- Portrayed by: Anthony Engelman
- Duration: 1994–1996, 2003, 2007, 2015–2018
- First appearance: 31 March 1994
- Last appearance: 12 February 2018
- Introduced by: Alan Coleman (1994); Stanley Walsh (1995); Ric Pellizzeri (2003); Jason Herbison (2015);
- Spin-off appearances: Summer Stories (2017)

= Stonefish Rebecchi =

Fictional character from Neighbours

Kevin Rebecchi (commonly known as "Stonefish" or "Stonie") is a fictional character from the Australian soap opera Neighbours, played by Anthony Engelman. He made his first appearance on 31 March 1994. Stonefish was the first of the Rebecchi family to appear and he was later followed by his mother, father and brothers. The character left in 1996, but returned briefly in 2003. In 2007, Engelman reprised his character again and Stonefish returned to Ramsay Street. He departed on 28 August 2007. The character then returned for brief guest stints from 2015 until 2018.

==Creation and casting==
Anthony Engelman had previously appeared in the serial as a bully a few years prior to re-joining as Stonefish.

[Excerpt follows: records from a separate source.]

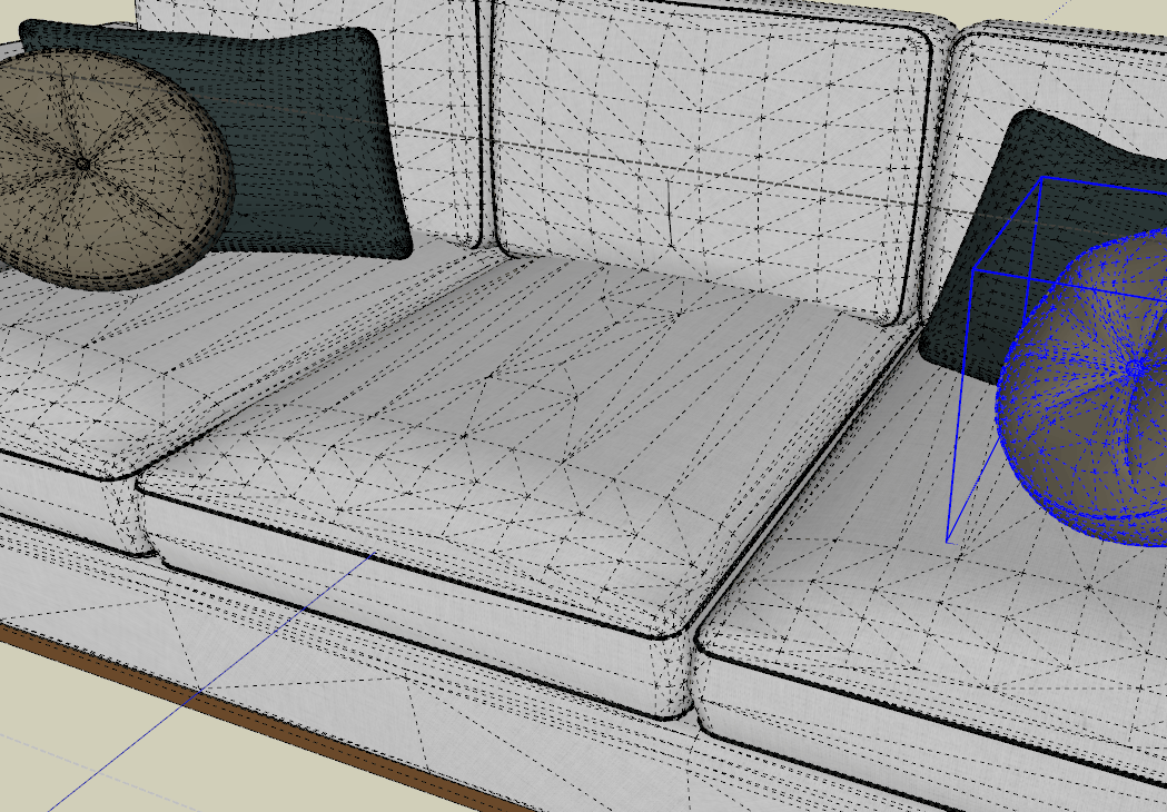 Hier der Link zum Modell in meinem OneDrive: - gelöscht - Cotty, könntest Du bitte auch mal probieren, wie es sich verhält, wenn Du eins der Runden Kissen auf den Sofa über die Sitzfläche verschiebst? Das ruckelt bei mir auch recht heftig auf SketchUp@Win10.
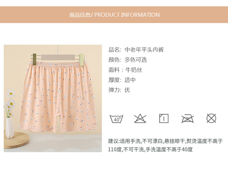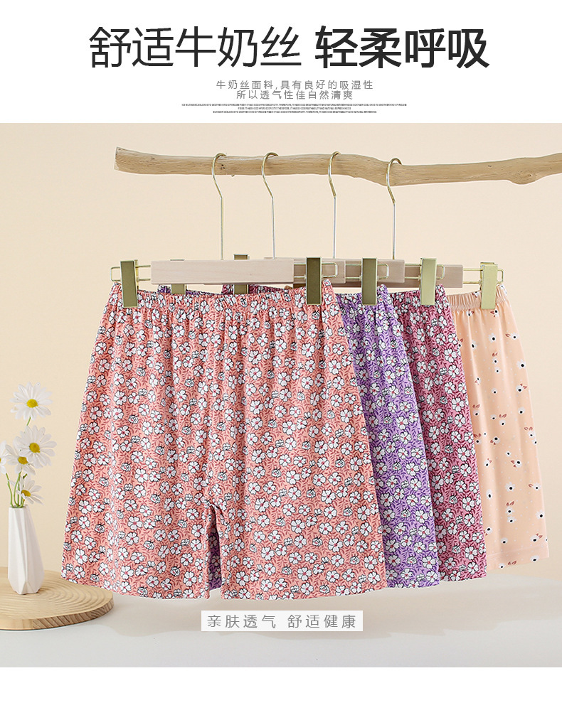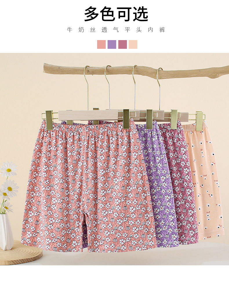 중년 및 노년 여성용 밀크 실크 반바지, 특대 사이즈, 얇은 홈웨어 플랫 코너 팬티, 꽃무늬, 엄마용 속옷, 대형 디자인스토어 가기
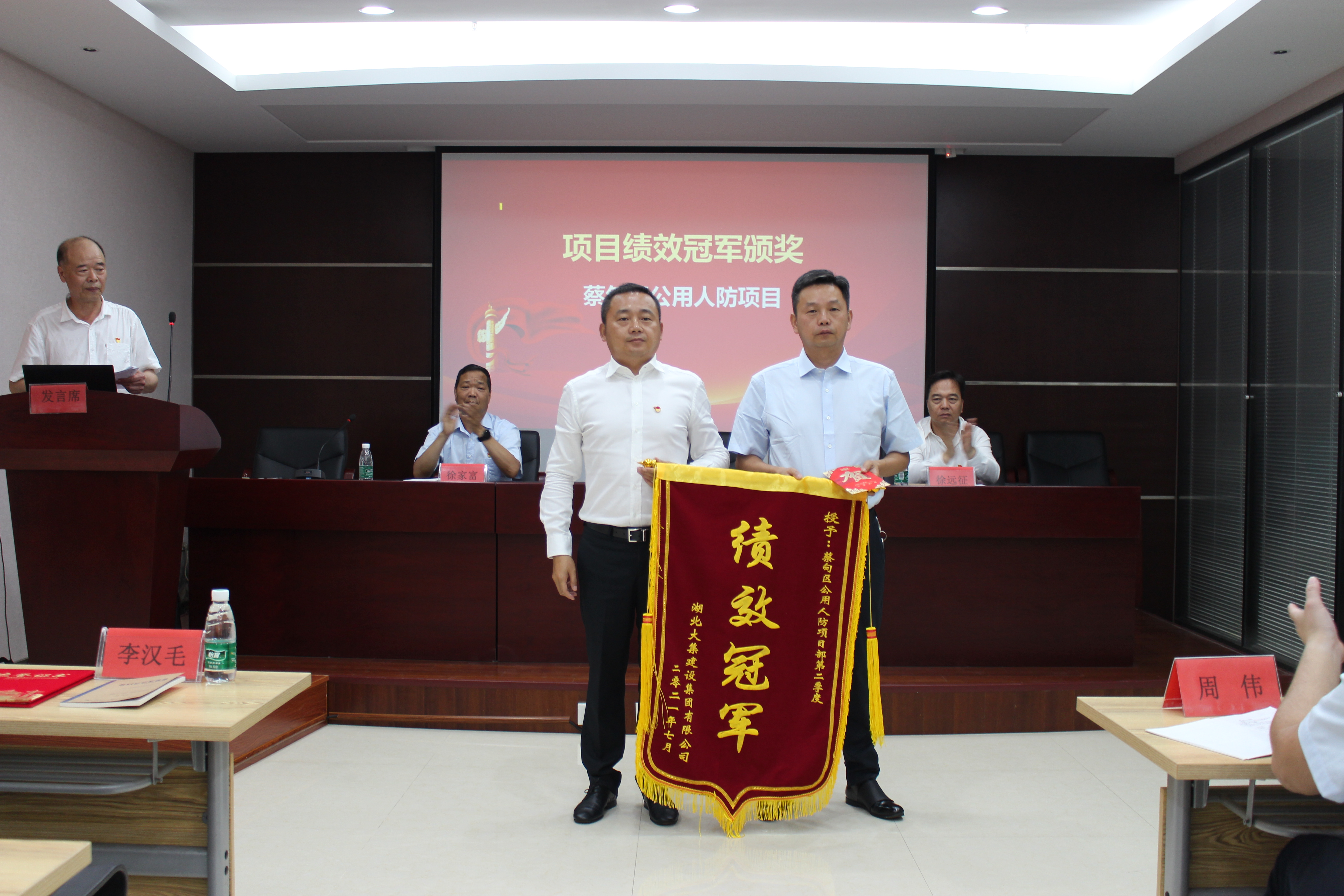 集團(tuán)董事長(zhǎng)徐濤為此次績(jī)效考評(píng)中的冠軍項(xiàng)目——蔡甸區(qū)公用人防項(xiàng)目部頒發(fā)錦旗和獎(jiǎng)金。
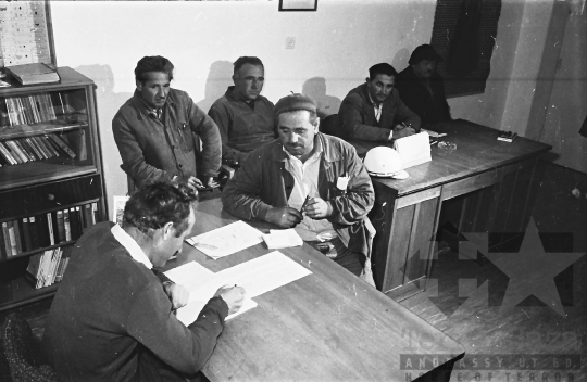 termelőszövetkezet értekezlet iroda svájcisapka Regöly Tolna megye Magyarország 1967 Bakó JenőFotó részletei
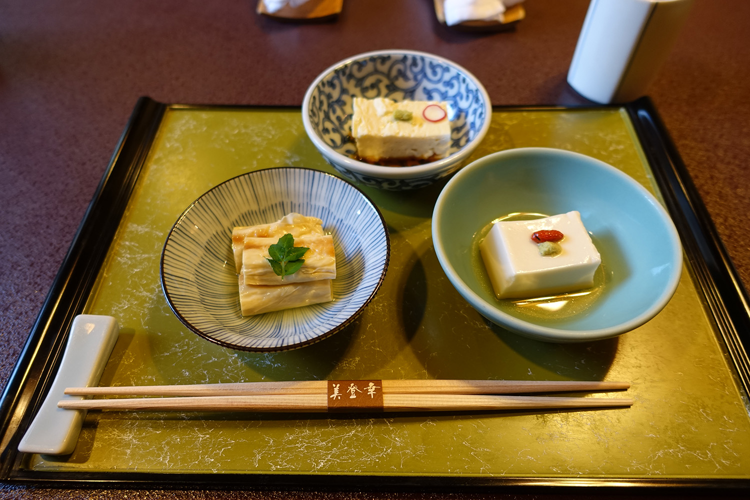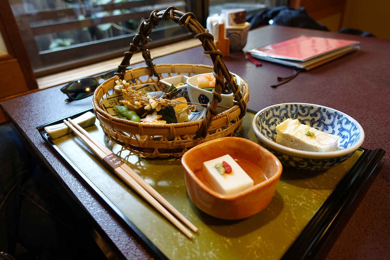 The place serves traditional kaiseki dinners but they require notice to prepare for that. We therefore had an abbreviated version which was quite tasty. I chose the vegetarian dinner and my first course was several different types of tofu.
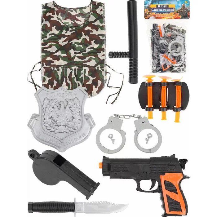 Все мальчишки любят играть в войнушку, поэтому набор полицейского из 9 предметов "Спецназ" станет отличным подарком для вашего ребенка! Предназначен для сюжетно-ролевых игр, способствует развитию мышления, фантазии и моторики. В пакете. Размер: 34,5х20х4 см.
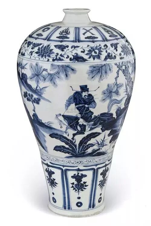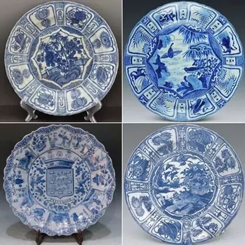 有了高温硬质瓷,有了顶峰的纹饰绘制工艺和画家,青花瓷的出现只剩下一个最后推动了。因为,在之前的中国,钴蓝色纹饰并不流行。唐宋时期流行的釉下彩纹饰,大多是褐色、黑色。蓝色纹饰在民间并没有多少人接受。这个推动适时就来了。随着旭烈兀西征的胜利,蒙古人统治了中东大片阿拉伯文化的地区。这个地区的居民,就喜欢蓝色的花纹装饰,他们尤其喜欢当地出产的颜料那种发色蓝中带一点紫的蓝色纹饰。他们向中国的制瓷业发出了订单:在这个需求的推动下,青花瓷诞生了。也因此,元青花开始就用的是进口的蓝色颜料:发色蓝中带一点紫的“苏麻离青”。以满足主顾的爱好口味。这也是元青花的精品大量保存在中东阿拉伯地区,国内反而并不多见的原因。实际上,直到明代前期,青花还没有被普通人接受,大部分只是为了出口而生产。明朝来了,情况一下发生了改变科举恢复,读书人又有了上升通道,元代短暂的绘画高手进入制瓷业的时代过去了。在青花上绘制图案的,又变成了普通工匠。明代的青花纹饰,就很快走向了固定纹饰的绘制。固定纹饰是匠人可以反复使用从而熟练掌握的,相比之下,其艺术水平大大下降了,但相比之下却带来了一个好处:可以大规模批量复制生产,产量大大增加了。而明代的青花遇到了新情况,随着中东的战乱和明初的海禁,来自中东的订单大大减少,于是在明初短暂地还使用了中东进口的“苏麻离青”后,国产青料取代了进口货。中东的土豪没了,但欧洲人来了。随着达伽马绕过好望角开辟了东方航线,欧洲人进入了东亚世界的海上贸易市场。很有意思的是,欧洲人也喜欢蓝色花纹装饰的瓷器。特别是青花瓷是他们从没见过的高温硬质瓷,一下就打动了欧洲人。于是欧洲贵族取代了中东土豪,成为青花瓷新的海外大单提供者。但欧洲贵族与中东土豪在口味上有点不同,不大喜欢发紫的蓝色,而是喜欢海水那样的蓝色。于是从明代中期起,随着外销瓷器的色调转变,青花瓷的总体色调也开始转向符合欧洲人口味的纯正海蓝色。那时候葡萄牙大帆船将整船的青花瓷遇到欧洲。万历时,荷兰人俘获了一艘装载有十万件中国瓷器的葡萄牙大帆船,并将瓷器在阿姆斯特丹拍卖,引起了轰动。因为葡萄牙人打死不说产地在哪,于是只好用船将青花瓷命名为“克拉克瓷”。当然,这还是中国的大单外销青花瓷。长时间的大单青花瓷生产,使得青花瓷在外销之外,有了进入中国百姓生活的机会。虽然艺术性下降,固定装饰花纹中各种吉祥图案也满足了普通民众的审美。一件便宜但坚固耐用,还绘有吉祥图案青花瓷,对于普通百姓来说,即满足了使用的需求,也满足了审美的需求。因此,原本在国内并不流行的青花瓷逐渐风靡大江南北长城内外,被广泛接受了。康熙时,以“清四家”为代表的山水画派受到追捧,王公贵族喜爱中国画风格的青花纹饰,并成为主流社会风尚。于是在这一时期青花瓷装饰中又出现了元青花那种追求中国画效果的风尚。在技术上,为了追求对中国画的模仿,随着发色青翠艳丽的产自云南的钴蓝原料“明珠料”的发现和使用,青花瓷制作工匠通过使用几种产地不同产地的青花料绘制青花纹饰,使纹样颜色产生更多的色阶变化的办法,按照通俗的标准青花纹饰中出现五种不同色阶变化即为纹饰精品,色彩变化号称“墨分五色”,有五个层次的色阶,所用青料有"头浓、正浓、二浓、正淡、影淡"之分。一般绝大多数青花瓷的纹饰都为二到三个色阶,康熙时最精彩的作品色阶多达十三个,甚至在一笔一划中也能分出深浅不同的笔韵。青花山水人物图,花鸟图等,无论远山近水,层峦叠嶂,均富有层次的节奏感、立体感,结合晕染法的使用,使其更接近和达到国画题材的表现手法,犹如水墨画。这样,康熙青花瓷成功实现了中国画画风和表现力的回归,攀上了青花艺术史上的第二个高峰。就这样,青花瓷实现了从国人到洋人,从宫廷贵族到普通百姓,从贩夫走卒到文人墨客的广谱吸引。从而,真正成为代表中国瓷器的“国民瓷器”。![]()

He told a writer for Inside Soap that his first script said that the character got his nickname because he looked like a stonefish. The actor quipped "They'd written that before they'd even cast me! When I got my script I was like 'What the hell does a stonefish look like anyway?!'" Engelman believed he would be in the show for around "a month or two doing a couple of episodes", however, he became part of the regular cast. He said "It's just grown from there and I'm really very lucky. The producers have given me a little bit more to do, a bit more room to move and that's given me more confidence. Now I have more challenges, which is great because I don't want to become complacent." Stonefish became the first member of the Rebecchi family to be introduced. He was later joined by his mother, father, brother and cousin.

==Development==
A writer for Inside Soap said Stonefish was happiest causing a stir in the classroom, and that wherever there was trouble, you could bet he was involved. Stonefish arrived in Ramsay Street after believing Brett Stark (Brett Blewitt) had started dating his girlfriend Sassy Patterson-Smythe (Defah Dattner). Engelman said Stonefish was usually easy going, but he became really jealous. However, when Sassy moved out of the picture, Stonefish and Brett become great friends. When Stonefish fell behind with his studies, Cody Willis (Peta Brady) helped him out, making Stonefish think she was romantically interested in him. Engelman said, "He's really got the hots for her, but when he makes a pass at her at a party it all goes horribly wrong." The actor said he had a lot in common with his character, as he had a tough time at school too and did not have much luck with girls.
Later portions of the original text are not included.